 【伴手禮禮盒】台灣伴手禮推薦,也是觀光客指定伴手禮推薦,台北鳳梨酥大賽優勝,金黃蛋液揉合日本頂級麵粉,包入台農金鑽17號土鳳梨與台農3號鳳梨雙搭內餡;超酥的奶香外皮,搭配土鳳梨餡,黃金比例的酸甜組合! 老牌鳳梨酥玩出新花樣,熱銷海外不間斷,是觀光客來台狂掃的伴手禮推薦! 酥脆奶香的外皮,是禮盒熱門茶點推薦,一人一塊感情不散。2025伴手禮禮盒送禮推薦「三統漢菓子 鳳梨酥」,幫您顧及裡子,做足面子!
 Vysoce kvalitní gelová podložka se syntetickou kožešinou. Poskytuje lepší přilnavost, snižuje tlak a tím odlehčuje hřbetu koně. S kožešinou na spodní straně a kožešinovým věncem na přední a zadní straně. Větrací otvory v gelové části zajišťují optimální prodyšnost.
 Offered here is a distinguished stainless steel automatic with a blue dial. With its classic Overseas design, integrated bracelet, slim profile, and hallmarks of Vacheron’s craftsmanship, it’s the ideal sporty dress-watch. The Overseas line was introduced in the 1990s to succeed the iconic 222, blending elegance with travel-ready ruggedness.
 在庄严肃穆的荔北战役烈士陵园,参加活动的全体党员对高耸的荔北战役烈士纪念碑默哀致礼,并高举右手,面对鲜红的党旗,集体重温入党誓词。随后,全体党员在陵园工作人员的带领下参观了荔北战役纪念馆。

━━━━━━

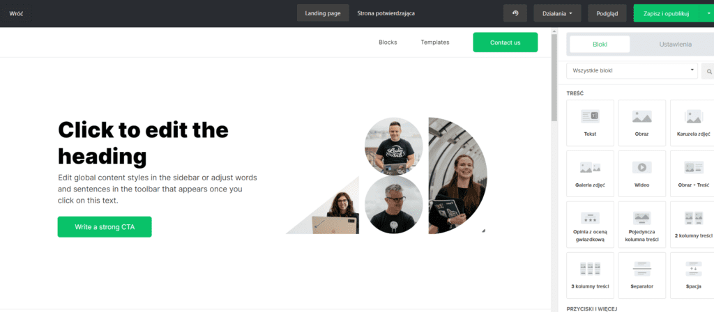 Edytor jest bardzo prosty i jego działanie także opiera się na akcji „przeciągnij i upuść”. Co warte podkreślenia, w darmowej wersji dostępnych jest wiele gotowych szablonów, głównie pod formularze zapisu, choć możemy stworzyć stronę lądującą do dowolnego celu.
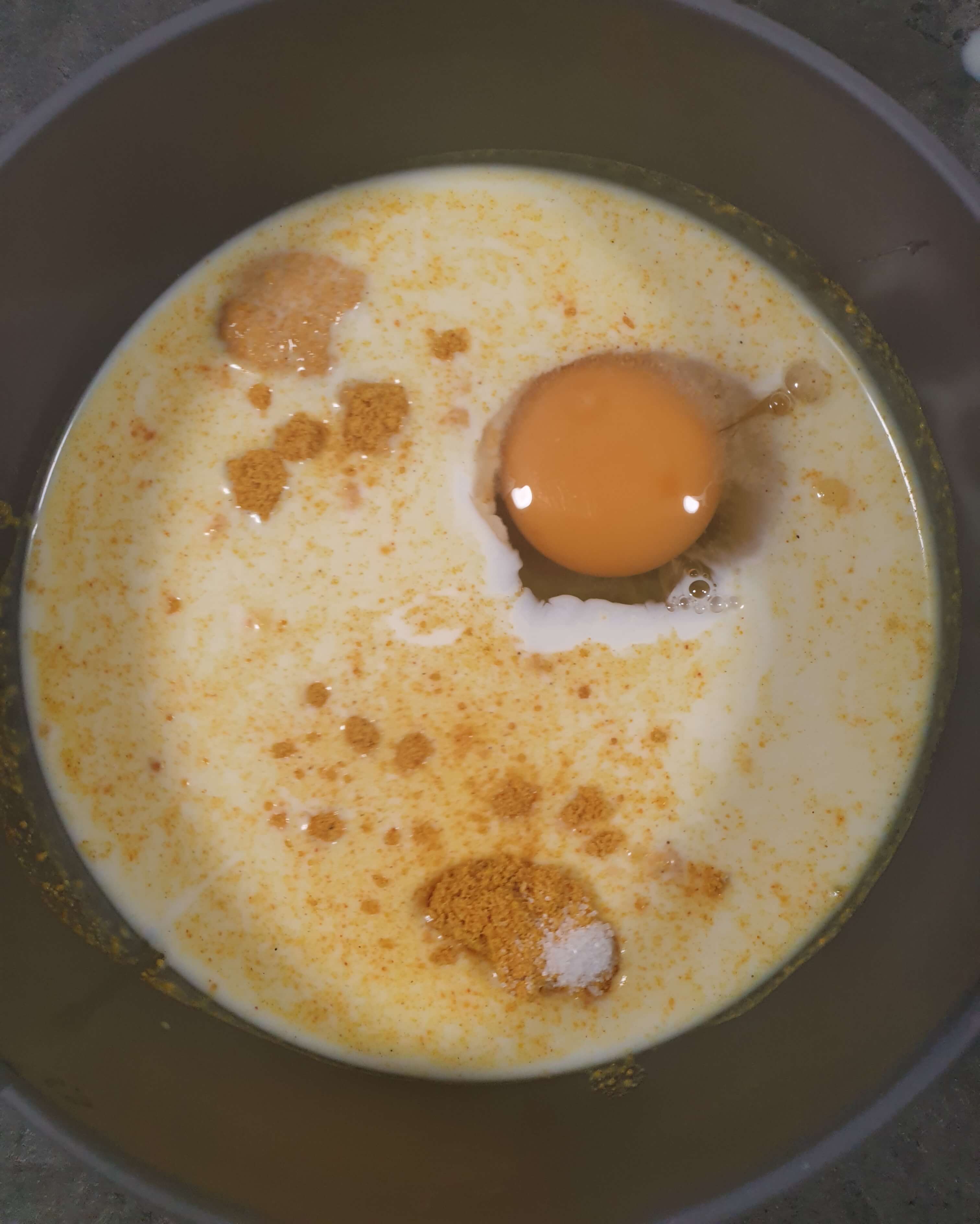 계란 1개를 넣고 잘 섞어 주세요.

━━━━━━

Your task
Go back to the lines above and output, exactly as they stand, the ones from the line containing "Edytor jest bardzo" to the line containing "계란 1개를 넣고 잘 섞어 주세요.". Leave all pictures behind.

Answer section
 Edytor jest bardzo prosty i jego działanie także opiera się na akcji „przeciągnij i upuść”. Co warte podkreślenia, w darmowej wersji dostępnych jest wiele gotowych szablonów, głównie pod formularze zapisu, choć możemy stworzyć stronę lądującą do dowolnego celu.
 계란 1개를 넣고 잘 섞어 주세요.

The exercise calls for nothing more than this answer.